Law & Pizza (Part 1)

(*all stories true, all names fictitious)

Until I started practicing, I didn’t realize how many different things solo practitioners did. Every “small” business has legal business. All these “business people” are always “doing business”. The small business chain is particularly fragile when you sprinkle the human links with some other ingredients. Start with cultural differences, add liberal doses of immorality, greed and stupidity. Stir. You now have the type of case young lawyers often get, the “Purchase or Sale of a Business”.

I got a Yellow Pages call from an Egyptian accountant named Omar Haggag. He lived in Brooklyn, worked in lower Manhattan near my office, and needed me to write his landlord a letter regarding some repairs. I did the letter, the repairs were done, and Omar told me I was a great lawyer. The next week he called and said that although he was a New York State sales tax auditor, he also had a small accounting practice in Brooklyn, with mostly Egyptian clients. Would I be interested in accepting referrals? I thought this would be good opportunity, and it was. Over the years Omar sent me many good clients. After awhile we had a running joke. Omar would call, and in his accented English say “Mr. Barry……a man is going to call you regarding the sale of his shish-kabob cart”. “OK, Omar, what’s the man’s name”.
“Well, his first name is Mohammed”.
And I would say “I know that, from now on just call and give me the last names.”
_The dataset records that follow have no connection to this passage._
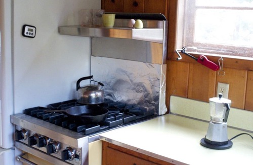 The midcentury decor is updated with new appliances, central AC, remodeled bathroom with walk-in shower, new beds and bedding, and fast internet. Single-level, one step up to enter the cabin.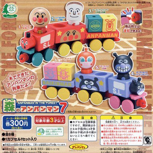 amazon 森のアンパンマン でんしゃでおでかけ 編 6種 トレイン 木製全6種 1 アンパンマン 先頭車 2 ばいきんまん カプセル玩具 おもちゃ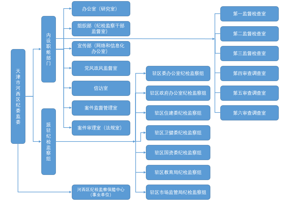 区纪委监委内设职能部门为:办公室(研究室)、组织部(纪检监察干部监督室)、宣传部(网络安全和信息化办公室)、党风政风监督室、信访室、案件监督管理室、第一至第三监督检查室、第四至第六审查调查室、案件审理室(法规室)。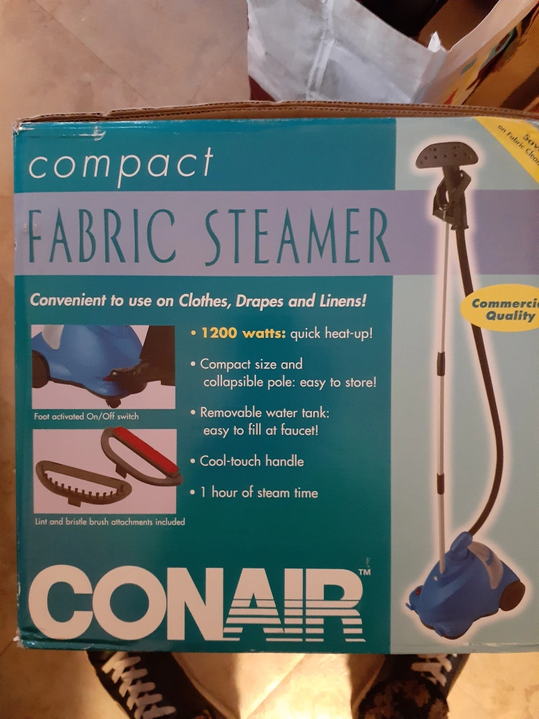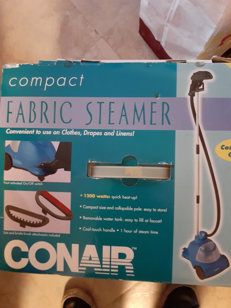 I'm selling a Conair Compact Fabric Steamer! It's convenient to use on clothes, drapes, and linens. Here are some features: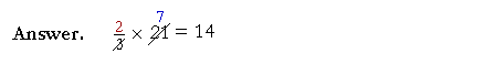 One third of 21 is 7 -- "3 goes into 21 seven (7) times." 2 × 7 = 14.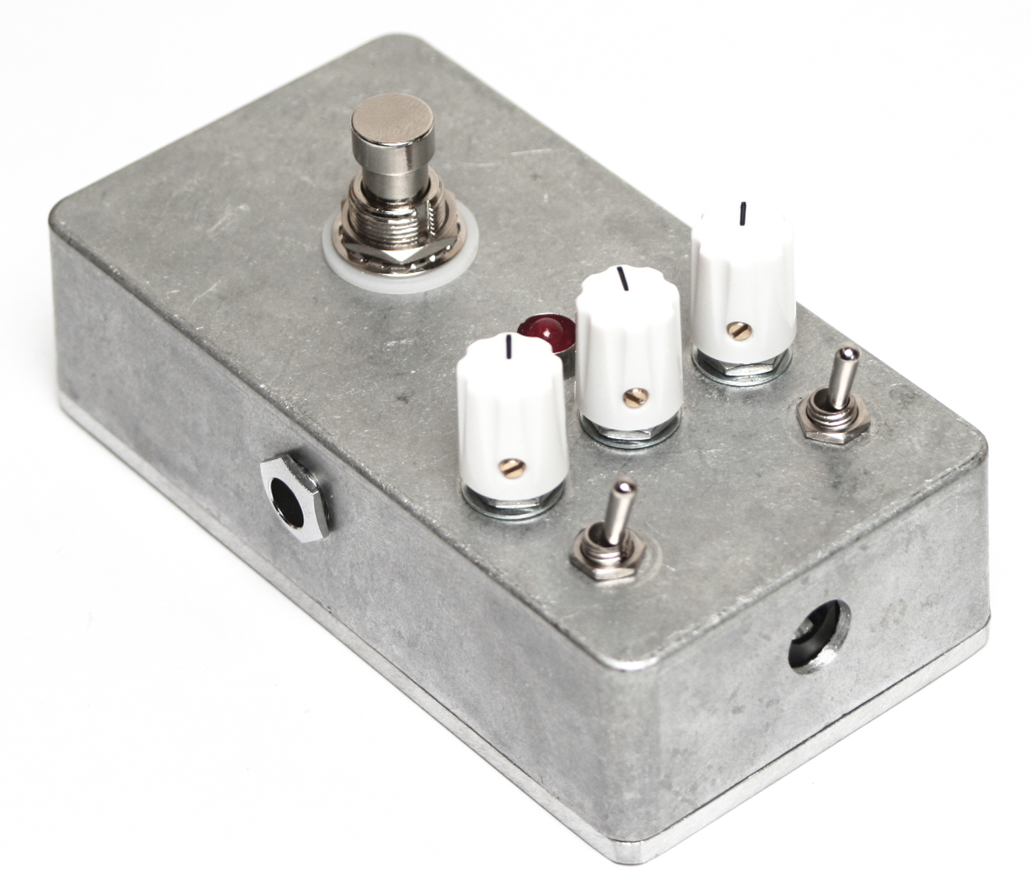 Now we are going to populate all the controls for the pedal, including the 3pdt stomp switch, the potentiometers and the LED. Make sure you populate everything according to the BOM, and take care with the LED. It is polarized, so make sure that you align the flat side of the LED with the same indicated flat side on the silkscreen. When placing the 3pdt stomp switch, it should only fit one way, but make sure that the two flat sides of the base are facing the front and back of the boards.

Most of his referrals were productive, practice builders. Some weren’t so good.

Mohammed Elgazi had purchased a pizzeria in Queens. At least that’s what he said. What he had actually done was give a $20,000 to some Albanian men, have discussions about future payments, and started running the pizzeria. He had also lost all his remaining working capitol in Atlantic City. He was having fun making the pizza, selling it to the school kids, and being a boss. The Albanians never bothered him about the rest of the money, and it soon became apparent why. They had left the store many months behind in rent, owing money to all their suppliers, and delinquent in taxes. Mohammed was finding it hard to take delivery orders when every other call was from a creditor. I had him come to my office. He also brought another man, he’s a blur to me now, except I remember him as “The Albanian”. He never said a word, just shrugged his shoulders. “What about the lease?” Shrug.
“What about the taxes?” Shrug .
“What about the creditors?” Shrug.
I asked Mohammed what he wanted me to do, and he shrugged.
I called upon my years of education, and my four months of experience, and I shrugged. Now we were getting somewhere. Then I took out a yellow pad and pen. This prompted Mohammed to say something I had never heard before, but have heard many times since, “Mr. Barry, maybe you could make some papers to fix this.” ……..

Next……Law & Pizza (Part 2)

1 comment:

Anonymous said...

Absolutely hilarious. And so true.

Reminds me of trying to get ESL tax clients current and in compliance with the IRS.

What was even better when it got to where the IRS examiner would start to shrug.